### REQUIREMENT
From the line that contains "Kadın Üstler Eğik" through the last line of the data, copy everything exactly and nothing else, omitting the pictures.

### DATA EXTRACTS
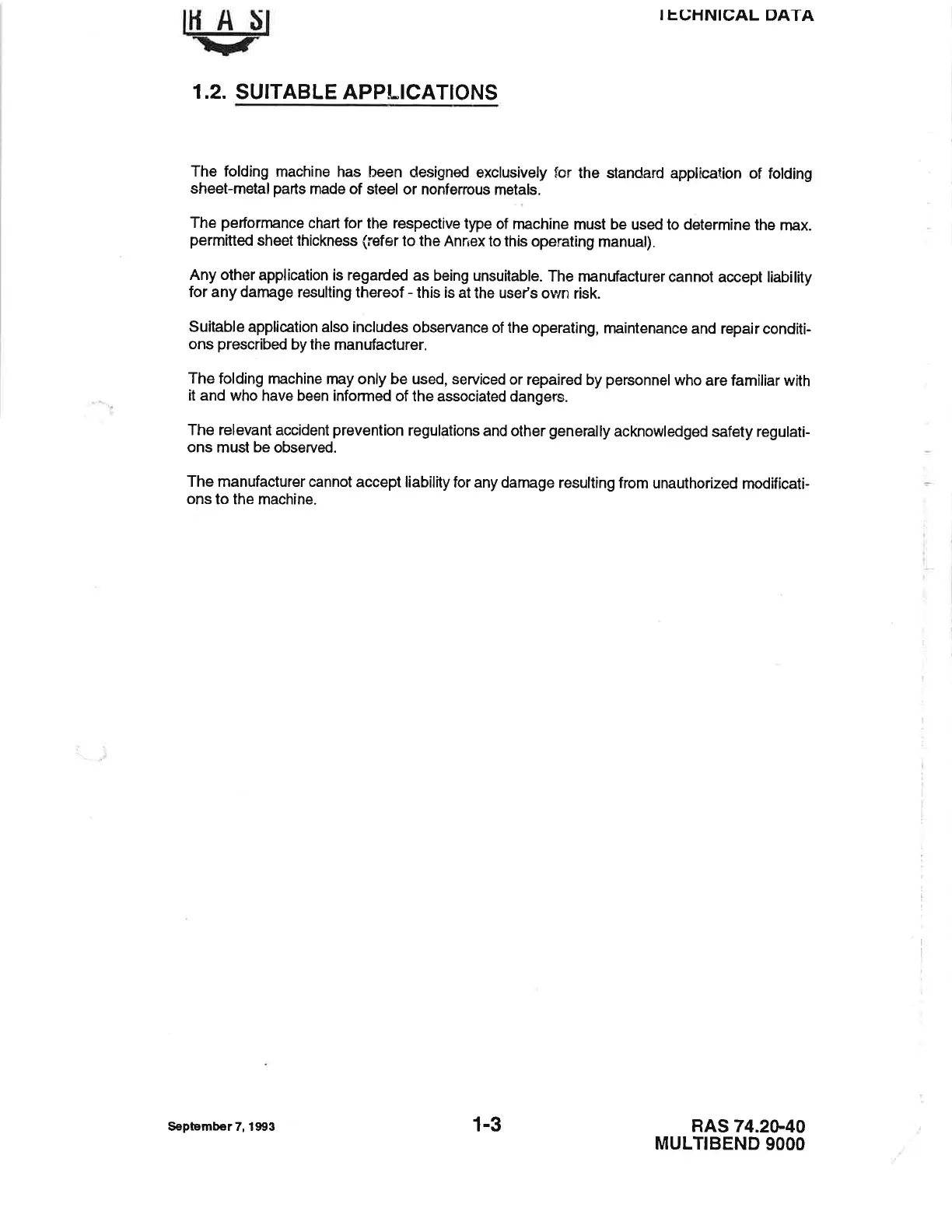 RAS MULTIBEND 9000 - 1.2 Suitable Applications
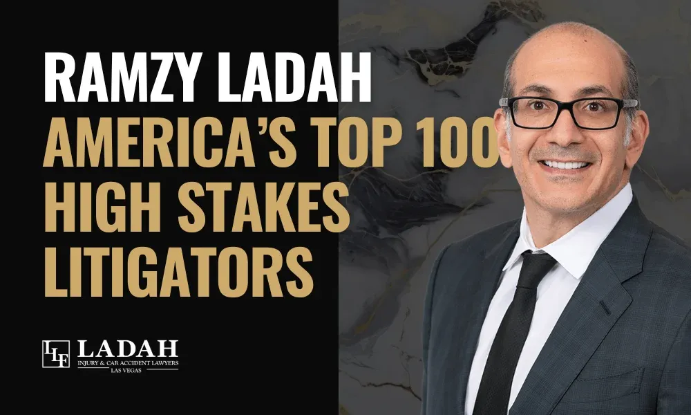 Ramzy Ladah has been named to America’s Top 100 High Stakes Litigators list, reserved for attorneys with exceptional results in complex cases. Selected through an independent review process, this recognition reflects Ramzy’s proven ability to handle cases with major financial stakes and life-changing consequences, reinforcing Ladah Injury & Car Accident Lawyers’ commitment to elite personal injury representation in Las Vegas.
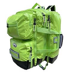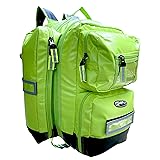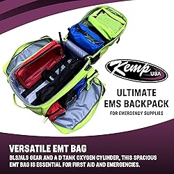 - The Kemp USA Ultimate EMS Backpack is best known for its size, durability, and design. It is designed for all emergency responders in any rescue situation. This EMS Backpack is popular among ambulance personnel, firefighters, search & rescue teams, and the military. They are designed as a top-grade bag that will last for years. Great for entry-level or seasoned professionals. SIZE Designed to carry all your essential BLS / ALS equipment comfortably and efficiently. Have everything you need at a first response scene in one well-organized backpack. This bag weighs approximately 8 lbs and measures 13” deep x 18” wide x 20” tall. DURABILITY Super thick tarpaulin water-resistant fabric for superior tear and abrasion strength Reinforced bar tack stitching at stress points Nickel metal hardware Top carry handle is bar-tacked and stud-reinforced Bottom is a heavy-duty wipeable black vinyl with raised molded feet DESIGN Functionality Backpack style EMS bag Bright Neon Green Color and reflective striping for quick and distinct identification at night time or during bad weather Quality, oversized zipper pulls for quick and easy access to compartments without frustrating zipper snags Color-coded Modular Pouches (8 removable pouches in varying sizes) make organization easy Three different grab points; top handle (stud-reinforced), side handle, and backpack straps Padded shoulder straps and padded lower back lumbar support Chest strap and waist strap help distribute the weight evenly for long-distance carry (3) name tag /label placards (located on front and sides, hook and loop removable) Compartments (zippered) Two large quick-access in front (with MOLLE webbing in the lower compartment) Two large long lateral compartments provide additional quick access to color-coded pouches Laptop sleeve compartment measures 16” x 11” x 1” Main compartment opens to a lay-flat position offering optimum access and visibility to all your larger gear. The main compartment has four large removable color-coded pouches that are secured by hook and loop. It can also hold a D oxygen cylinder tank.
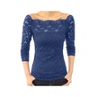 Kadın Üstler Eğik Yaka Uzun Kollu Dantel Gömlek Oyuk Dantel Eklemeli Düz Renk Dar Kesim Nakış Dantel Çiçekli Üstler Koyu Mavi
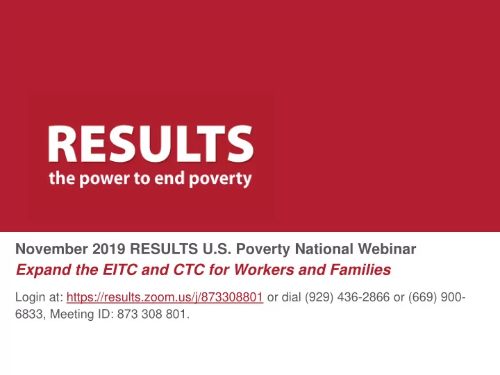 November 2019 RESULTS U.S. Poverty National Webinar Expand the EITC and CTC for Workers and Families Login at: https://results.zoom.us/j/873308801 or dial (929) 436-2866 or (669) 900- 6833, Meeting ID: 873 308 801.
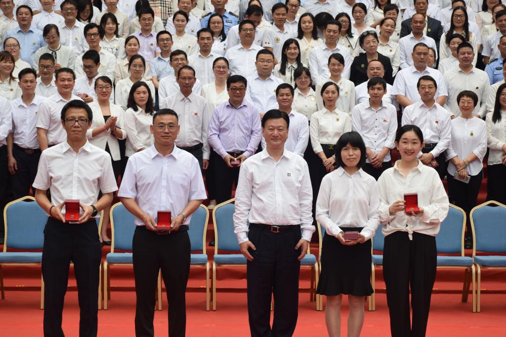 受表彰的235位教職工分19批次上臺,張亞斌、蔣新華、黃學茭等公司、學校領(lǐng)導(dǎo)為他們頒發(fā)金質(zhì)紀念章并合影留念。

### SOLUTION TO THIS PROBLEM
 Kadın Üstler Eğik Yaka Uzun Kollu Dantel Gömlek Oyuk Dantel Eklemeli Düz Renk Dar Kesim Nakış Dantel Çiçekli Üstler Koyu Mavi
 November 2019 RESULTS U.S. Poverty National Webinar Expand the EITC and CTC for Workers and Families Login at: https://results.zoom.us/j/873308801 or dial (929) 436-2866 or (669) 900- 6833, Meeting ID: 873 308 801.
 受表彰的235位教職工分19批次上臺,張亞斌、蔣新華、黃學茭等公司、學校領(lǐng)導(dǎo)為他們頒發(fā)金質(zhì)紀念章并合影留念。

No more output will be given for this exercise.